Às vezes você se ilude achando que não vai precisar discutir mais certas coisas, de tão ultrapassadas.
Mas é claro que certas coisas continuam intransponíveis.
Pego o uber e o motorista de uns 35 anos, já com um início de calvície, usa um boné maneiro. Somado a seu estado corporal, ele é uma espécie de Chorão do Charlie Brown sem a consciência crítica. Todo ele, pelo contrário, é mais a fúria inconsciente.
Vamos para a Barra Funda, que em certos trechos, mais funda não poderia ser.
– Esses caras espalhados pelo chão me dão uma raiva – o motorista vai dizendo.

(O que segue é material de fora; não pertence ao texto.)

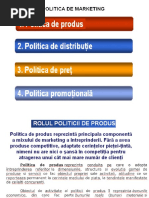 repoziionri; reduceri de cost. Myers realizeaz o clasificare n funcie de gradul de difereniere a produsului nou fa de cele existente pe pia, astfel: inovaii; creai; nlocuiri; imitaii. Se pot diferenia urmtoarele categorii de produse: - produse absolut noi: destinate acoperirii unor nevoi latente; aceste produse au o pondere mic, apar n urma unor cercetri laborioase; - produse noi: destinate satisfacerii unor nevoi deja manifestate pe pia, dar la un alt nivel calitativ dect la vechilor produse din aceeai grup. Ponderea lor este destul de mare fa de prima categorie, ele se produc i se comercializeaz n condiii de concuren de pia, urmnd s fie scoase din producie n faza de declin al vieii lor. Dup locul n care este consemnat noutatea unui produs se disting: - produse noi pentru unitatea care le produce sau comercializeaz; - produse noi pentru piaa pe care urmeaz a fi lansate; - produse absolut noi, ce nu au aprut anterior pe nici o pia. Introducerea produselor noi pe pia implic o mare doz de risc pentru ntreprindere i este un proces mult mai dificil i costisitor dect administrarea produselor existente. Aceste produse noi sunt destinate satisfacerii unor nevoi deja manifestate pe pia, dar la un alt nivel cantitativ i calitativ, dect al celor deja existente. Un produs nou este bunul care prezint una sau mai multe nsuiri noi sau modificate sau pune n valoare o nsuire care nu a fost cunoscut fa de produsele existente pe pia. nnoirea produselor poate fi fcut pe mai multe ci, dintre care cele mai des ntlnite sunt diversificarea i modernizarea. Diversificarea const n proiectarea unor produse cu caracteristici noi, rezultnd o lrgire a gamei sortimentale. Modernizarea const n reproiectarea produselor existente, pentru creterea numrului de proprieti sau mbuntirea celor deja existente.

– Raiva por quê? – vou perguntando, em lugar de sabiamente interromper a possibilidade de discussão.
– O problema, eu acho, é esse tal de direitos humanos – ele responde.

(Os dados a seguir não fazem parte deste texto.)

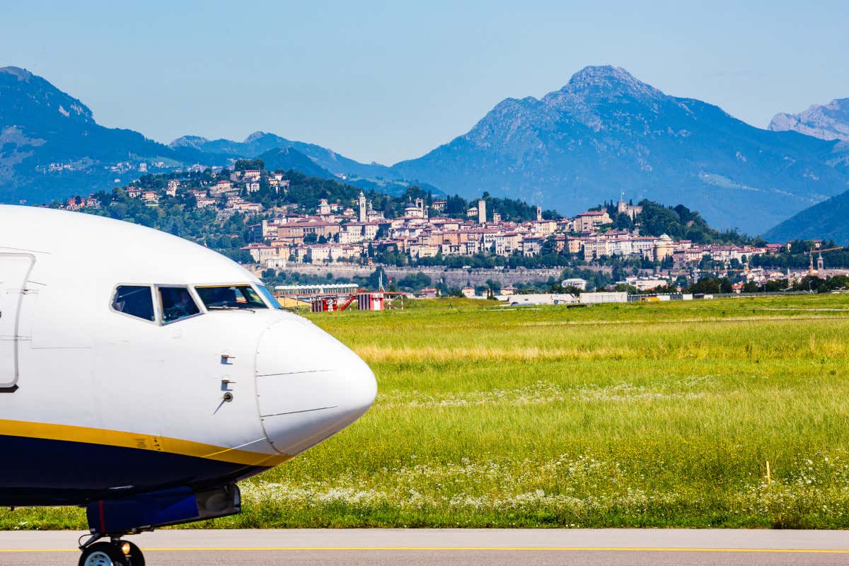 L'aeroporto di Orio al Serio con Città Alta sullo sfondo

– Por que direitos humanos seriam um problema?
– Porque essas pessoas que ficam na rua matam inocentes.
– E você acha que sem direitos humanos se faz justiça?

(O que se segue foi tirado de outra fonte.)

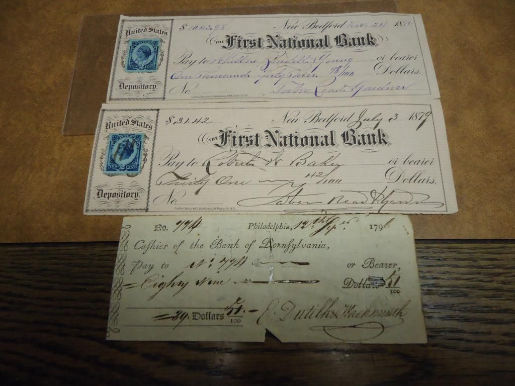 3-VERY VINTAGE CHECKS 1796,1879 & 1880 DATES

– Não sei. Elas não folgam, ao menos. Eu sei que tem miséria no meio, mas tem também malandragem.
– Malandragem é morar ao relento?
– Malandragem assim, como vi outro dia. O amigo disse pro outro: “Trabalhar pra quê se a gente recebe o dinheiro do Bolsonaro?”
– Quanta ignorância, né amigo?
– Muita!
– Você sabe que o dinheiro não é do Bolsonaro, né? É nosso!
– É nosso, claro!
– E ele nem queria distribuir pros pobres, né? Foi o Congresso que obrigou.
– Isso!
– Então. Que sentido faz pedir o fim dos direitos humanos? Isso é pedir o fim dos nossos direitos. Dos nossos, que não somos ricos. O direito a um julgamento justo. Porque os ricos não vão presos, certo?
– Não vão, é revoltante, o povo não aguenta mais!
– Então. Sem direitos humanos, quem vai decidir sobre nossa vida? Quem vai nos defender? O Bolsonaro?
– Ele é que não!
– Então não vamos pedir o fim dos direitos humanos, tá? É nossa garantia de sobrevivência.
– Mas que me dá uma raiva a senhora não imagina.
– Raiva do povo ou raiva do Bolsonaro? Você precisa escolher.
– Tenho mais raiva do povo. Mas vou pensar, prometo.